EXERCISE AIM — Filter the data for lines with the word "built" and copy those lines.

EXERCISE DATA —

————————

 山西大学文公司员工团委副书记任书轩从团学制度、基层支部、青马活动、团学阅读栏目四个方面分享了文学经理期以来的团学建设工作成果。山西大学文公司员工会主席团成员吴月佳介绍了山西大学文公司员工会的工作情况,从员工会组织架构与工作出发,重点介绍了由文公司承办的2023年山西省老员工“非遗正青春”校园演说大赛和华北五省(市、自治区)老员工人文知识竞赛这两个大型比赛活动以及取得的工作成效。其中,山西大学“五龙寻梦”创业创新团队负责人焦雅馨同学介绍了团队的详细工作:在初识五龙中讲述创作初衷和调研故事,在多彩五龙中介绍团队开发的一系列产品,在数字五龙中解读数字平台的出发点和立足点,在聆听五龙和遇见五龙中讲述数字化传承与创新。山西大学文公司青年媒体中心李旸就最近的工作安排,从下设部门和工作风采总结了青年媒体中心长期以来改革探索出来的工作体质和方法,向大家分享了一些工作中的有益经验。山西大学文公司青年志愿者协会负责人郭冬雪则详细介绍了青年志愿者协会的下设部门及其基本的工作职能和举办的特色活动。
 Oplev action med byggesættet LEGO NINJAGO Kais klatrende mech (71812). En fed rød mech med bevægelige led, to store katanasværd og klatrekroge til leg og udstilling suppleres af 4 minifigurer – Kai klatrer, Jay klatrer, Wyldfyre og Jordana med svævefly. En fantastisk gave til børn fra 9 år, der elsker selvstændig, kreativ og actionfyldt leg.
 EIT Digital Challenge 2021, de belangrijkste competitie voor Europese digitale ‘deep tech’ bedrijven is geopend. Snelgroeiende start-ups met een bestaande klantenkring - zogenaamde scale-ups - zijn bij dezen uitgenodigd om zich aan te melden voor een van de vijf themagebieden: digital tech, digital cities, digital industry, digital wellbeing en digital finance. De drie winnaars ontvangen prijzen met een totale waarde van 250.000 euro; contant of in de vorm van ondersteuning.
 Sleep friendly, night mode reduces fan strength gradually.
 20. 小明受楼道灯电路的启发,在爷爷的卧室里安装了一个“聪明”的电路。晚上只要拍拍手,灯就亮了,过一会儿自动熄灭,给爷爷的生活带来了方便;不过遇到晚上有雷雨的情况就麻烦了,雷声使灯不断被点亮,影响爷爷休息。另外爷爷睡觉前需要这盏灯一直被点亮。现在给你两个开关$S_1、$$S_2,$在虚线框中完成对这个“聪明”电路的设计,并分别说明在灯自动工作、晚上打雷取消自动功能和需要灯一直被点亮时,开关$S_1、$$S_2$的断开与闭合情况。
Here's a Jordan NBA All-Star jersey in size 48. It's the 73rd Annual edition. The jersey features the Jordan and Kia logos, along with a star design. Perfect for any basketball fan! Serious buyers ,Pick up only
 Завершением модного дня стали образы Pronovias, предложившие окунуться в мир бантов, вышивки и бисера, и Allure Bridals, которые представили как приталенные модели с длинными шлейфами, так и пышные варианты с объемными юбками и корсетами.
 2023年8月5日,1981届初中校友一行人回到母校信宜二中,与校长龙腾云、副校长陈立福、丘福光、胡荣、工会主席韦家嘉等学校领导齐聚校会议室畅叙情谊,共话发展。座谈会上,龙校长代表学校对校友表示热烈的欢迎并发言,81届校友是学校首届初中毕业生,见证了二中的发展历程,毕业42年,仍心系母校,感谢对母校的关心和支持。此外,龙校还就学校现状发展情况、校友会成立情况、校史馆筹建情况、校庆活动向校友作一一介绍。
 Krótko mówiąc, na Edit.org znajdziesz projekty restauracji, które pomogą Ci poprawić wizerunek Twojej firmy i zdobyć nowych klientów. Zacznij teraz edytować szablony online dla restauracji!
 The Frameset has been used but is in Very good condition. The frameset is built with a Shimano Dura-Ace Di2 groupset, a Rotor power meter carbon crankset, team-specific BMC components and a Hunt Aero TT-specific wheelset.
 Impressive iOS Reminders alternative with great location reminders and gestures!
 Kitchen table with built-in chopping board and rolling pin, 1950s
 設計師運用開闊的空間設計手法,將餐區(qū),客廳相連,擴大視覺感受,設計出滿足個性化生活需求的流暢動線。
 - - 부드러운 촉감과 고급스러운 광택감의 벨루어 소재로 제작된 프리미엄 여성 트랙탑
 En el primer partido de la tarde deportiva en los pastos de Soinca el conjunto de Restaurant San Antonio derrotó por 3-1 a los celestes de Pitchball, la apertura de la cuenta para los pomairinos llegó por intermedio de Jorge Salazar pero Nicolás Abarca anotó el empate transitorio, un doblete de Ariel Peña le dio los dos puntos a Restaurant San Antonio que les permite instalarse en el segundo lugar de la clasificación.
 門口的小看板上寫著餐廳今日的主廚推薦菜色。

————————

RESULT OF THE TASK —
 The Frameset has been used but is in Very good condition. The frameset is built with a Shimano Dura-Ace Di2 groupset, a Rotor power meter carbon crankset, team-specific BMC components and a Hunt Aero TT-specific wheelset.
 Kitchen table with built-in chopping board and rolling pin, 1950s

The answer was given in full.